As Kelly prayed to receive Jesus into her life, she felt something she’d never experienced before. She says, “It brought me so much peace in a time of turmoil. I was begging God, ‘Please don’t let this be something that’s here today and gone tomorrow.’ I remember just begging God because I did not ever want to go back to not feeling His presence. Once you have felt God’s presence, you would never want to live without it.”
She longed to know how to live as a Christian, so once again she prayed. The next day she received a Bible in the mail from a stranger with a note to read the book of John as a starting point. Once again she knew God was with her. She remembers, “God is so personal. He’s making this so personalized for me that everything I need is right here in front of me and it was just a special thing. I-I knew that it wasn’t going to be up to me to learn how to be a Christian that He was going to lead me through it.”

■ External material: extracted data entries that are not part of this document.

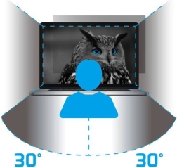 Natec Owl privatlivsfilter tilbyder moderne skærmbeskyttelse med mikropersienne-teknologi, som sikrer, at indholdet ikke er synligt fra siden. Ved en synsvinkel på 30 grader fremstår skærmen helt sort.
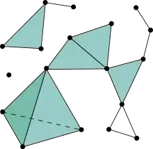 • Plus généralement, pour tout ensemble V et pour tout entier naturel n, l'ensemble 𝒫n(V) des parties de V de cardinal au plus n + 1 forme un complexe simplicial de dimension n.
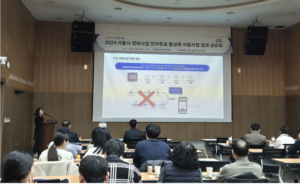 지난해 10월 미성동 건영아파트 재건축조합을 시작으로 올해 1월 서초신동아아파트 재건축조합까지 총 10개 조합에 대한 전자투표 서비스를 제공하고, 지난 14일 서소문청사 1동 대회의실에서 성과를 나누는 자리를 가졌다. 이 자리에는 시범사업 선정 조합 관계자와 자치구 담당자 등 약 50명이 참석해 전자투표 도입 효과와 참여 조합별 소감을 공유하고, 활성화 방안에 대하여 의견을 청취했다.
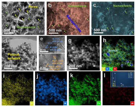 The microstructure of the optimal BM-48-4 sample was further analyzed by TEM. The interlacing distribution of nanoparticles and finely fragmented nanosheets demonstrates that the nanoporous structure is formed across the composite as shown in Figure 3d. The measured crystal interplanar distance of 0.31 and 0.20 nm shown in Figure 3e corresponds to (111) and (220) crystal planes of Si, respectively. While the interplanar distance of 0.24 and 0.25 nm marked in Figure 3f corresponds to (112) and (020) crystal planes of Fe2O3. These results indicate the co-presence of Si and Fe2O3, which are consistent with XRD results. The elemental mapping of BM-48-4 shown in Figure 3g–l reveals that Si, Fe, O and a small amount of residual Al elements were distributed in the sample. The energy dispersive X-ray (EDX) spectrum (the insert in Figure 3l) reveals that the atomic ratio of Si, Fe, Al and O is about 76.6:7.1:5.9:10.4. Si and Fe are enriched in different local areas (Figure 3h), which further confirms the formation of the dual network structure composed of the corresponding product of Si and Fe2O3.
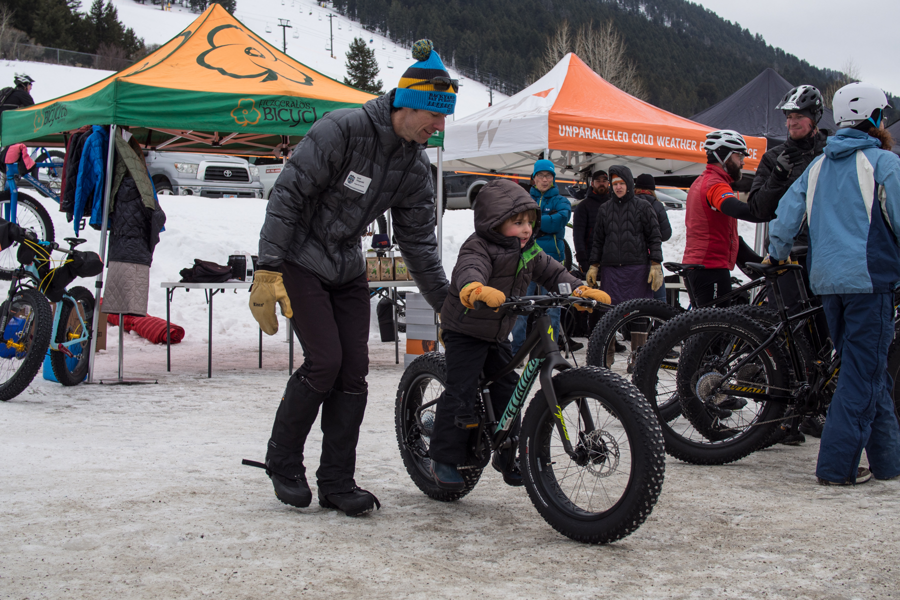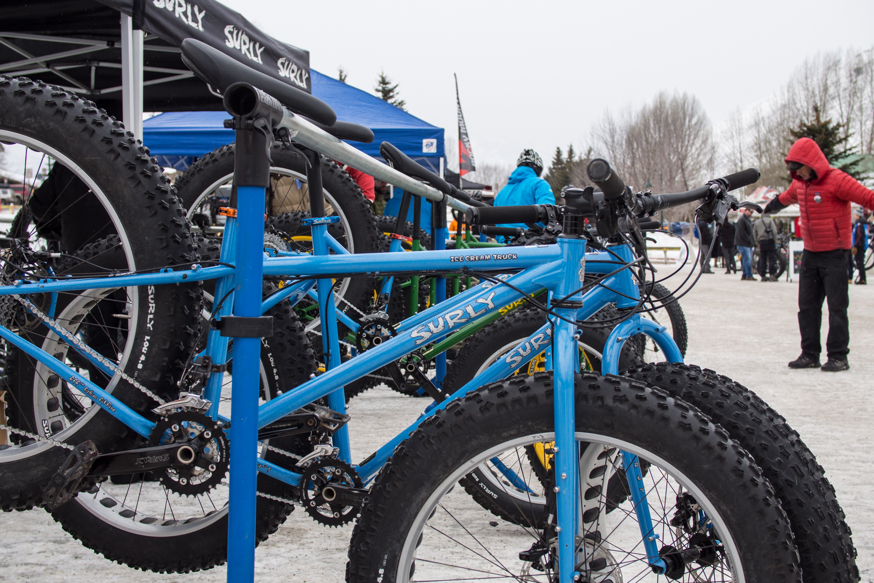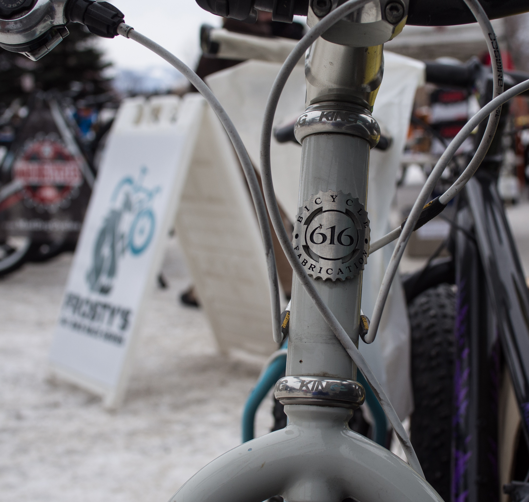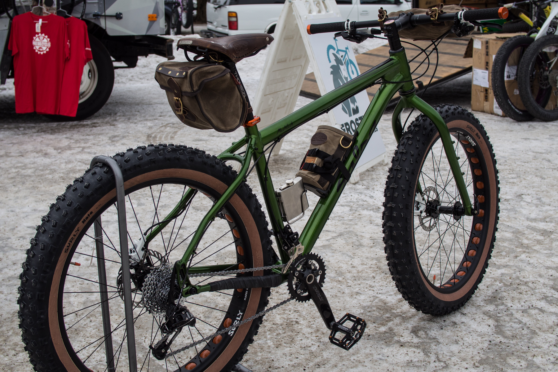 There were more dealers this year than last. We spent Saturday morning wandering around the expo area and riding demo bikes. We saw booths from QBP with a Surly tent and a Salsa tent, and a 45Nrth tent, Trek, Specialized, Rocky Mountain, Felt, Sram, Borealis, Mad Dog Cycles, Fitzgerald’s (a Driggs, ID bike shop), Hoback Sports (a Jackson bike shop; they had a whole fleet of Fatback bikes), and few other organizations. It was a nice turnout. There was a short track adjacent to the expo area where you could demo the bikes. It had as a steep climb, a nice downhill, and some sharp corners, one with a nice built-up berm.
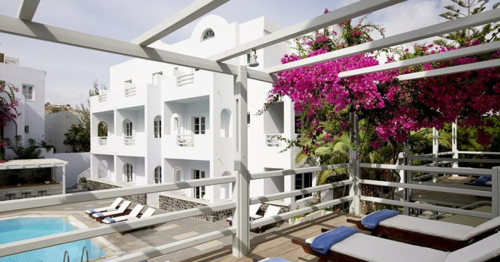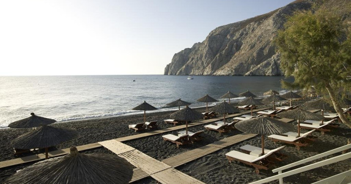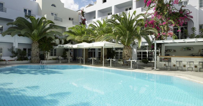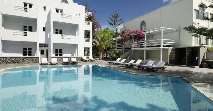 Localizare HOTEL VENUS AFRODITI BEACH AND SPA: Hotelul se afla in centrul statiunii Kamari, in vecinatatea zonei de baruri, restaurante si viata de noapte, foarte aproape de plaja cu pietricele de origine vulcanica.
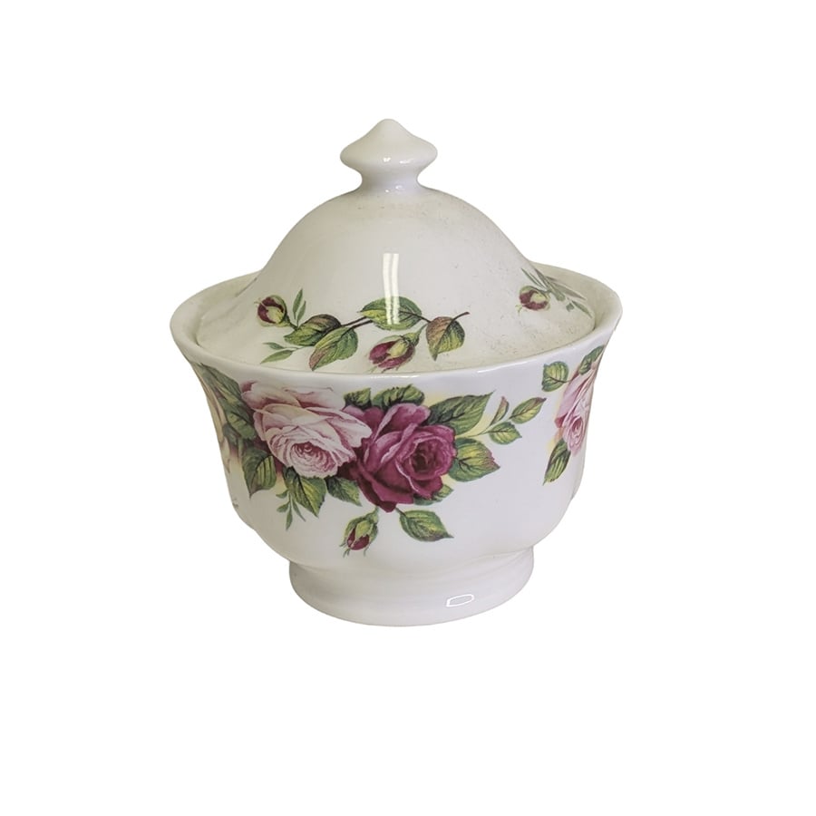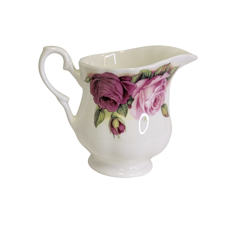 Complete your teatime tablescape with this creamer and lidded sugar bowl, produced by artisan pottery company Roy Kirkham. Steeped in the rich heritage of English ceramics, it is made of durable and elegant fine bone china and decorated with an exclusive rose design. Microwave and dishwasher safe. Hand wash recommended. Made in Stoke-on-Trent, England.

She says God has never left her since the day she prayed to receive him over 38 years ago. And Kelly has never waivered in her faith – even through hard times and the death of a child. She says she’s thankful God has walked with her and given her a second chance. “I had peace knowing that God was in control. The control in my life that I always wanted to have, that the peace came when I knew God was in control. And so I don’t have a reason why God would have spared me but I’m thankful and even if it’s was just to bring forth the children that would come after me and I don’t know what God has in store for my grandchildren and the people that will come after me. God gave me a chance to be rescued, not just from an airplane crash, but to be rescued from an eternity that I couldn’t have ever changed. And so God gave me a chance to know Him and I couldn’t be more thankful for that than anything.